Dalam amanatnya, Kapolres Bantul AKBP Novita Eka Sari menegaskan bahwa kenaikan pangkat pengabdian merupakan puncak apresiasi atas dedikasi tanpa cacat seorang anggota Polri.


“Kenaikan pangkat pengabdian bukan sekadar penghargaan administratif, tetapi merupakan pengakuan negara atas loyalitas, integritas, serta pengabdian tanpa cacat yang telah dibuktikan selama masa dinas,” ujarnya.

Kapolres juga secara khusus memberikan apresiasi mendalam kepada AKBP Slamet Subiyantoro—seorang perwira yang dalam setiap langkah kariernya selalu menjunjung prinsip kejujuran dan kesetiaan pada tugas.
“Kepada AKBP Slamet Subiyantoro, saya menyampaikan ucapan selamat disertai rasa bangga. Beliau mencapai titik ini karena integritas dan profesionalitas yang tidak pernah luntur. Selama berdinas, tidak pernah ada catatan pelanggaran. Ini merupakan prestasi yang patut menjadi teladan,” tegas AKBP Novita.

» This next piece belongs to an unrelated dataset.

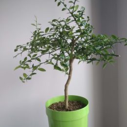 Trouvé en grande surface, un citron caviar en pot, pas trop vilain. L’arbre fait une quarantaine de cm de haut. Rempotage immédiat…

Lebih jauh, Kapolres berharap pencapaian ini menjadi inspirasi bagi seluruh personel Polri, terutama generasi muda yang kini memegang tongkat estafet pengabdian.
“Tugas Polri bukan hanya menuntut kemampuan teknis, tetapi juga kesetiaan, kejujuran, dan komitmen hingga akhir masa bakti. AKBP Slamet Subiyantoro adalah salah satu bukti bahwa pengabdian yang tulus akan kembali pada diri sebagai penghormatan tertinggi,” tambahnya.

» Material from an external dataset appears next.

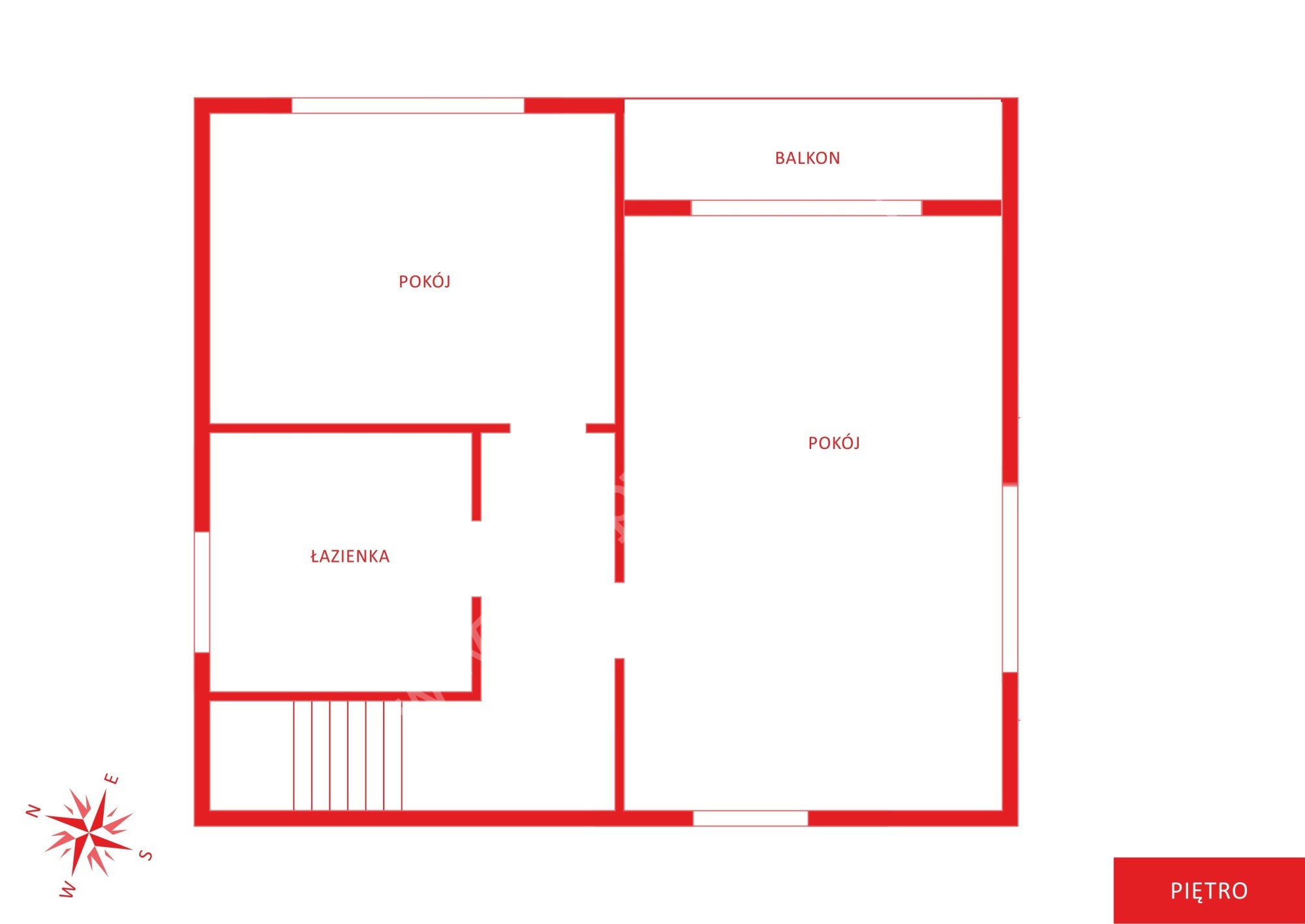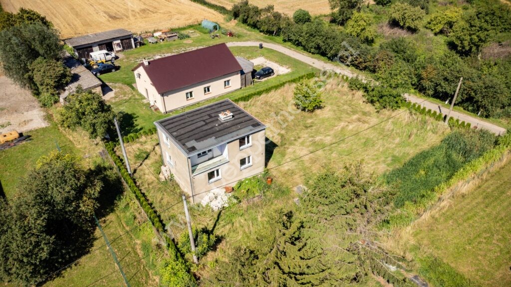Dwupiętrowy budynek podpiwniczony w formie klasycznej kostki z lat 60 tych, z dachem płaskim (planowanym jako taras widokowy). Możliwość podziału na dwa niezależne mieszkania – parter/piętro (apartamenty wakacyjne) lub pozostawienie układu jako domu jednorodzinnego.

Upacara yang penuh rasa haru dan kebanggaan itu menjadi saksi sebuah perjalanan panjang seorang polisi yang memilih setia pada prinsip-prinsip moral meski berada di tengah profesi penuh risiko dan godaan. Pencapaian AKBP Slamet Subiyantoro bukan hanya penghargaan personal, tetapi juga cermin bahwa masih banyak figur Polri yang bekerja dengan hati, jujur, dan mengutamakan pelayanan publik.

Menutup sambutannya, Kapolres Bantul berpesan agar AKBP Slamet Subiyantoro terus menjaga kehormatan diri dan institusi hingga masa purna tiba.
“Semoga Bapak terus menjadi sosok yang menginspirasi kami semua. Pengabdian Bapak adalah contoh bahwa menjadi polisi yang jujur hingga purna bukan hanya mungkin, tetapi mulia dan sangat membanggakan,” ucap Kapolres.

Sosok AKBP Slamet Subiyantoro memang layak dijadikan teladan. Di tengah sorotan terhadap berbagai pelanggaran oknum, beliau membuktikan bahwa integritas adalah nilai yang tidak dapat dibeli. Semangatnya menjadi cermin bahwa Polri dibangun oleh banyak pribadi baik—anggota yang bekerja dalam senyap, menjaga amanah, dan mengabdikan diri sepenuhnya bagi masyarakat, bangsa, dan negara.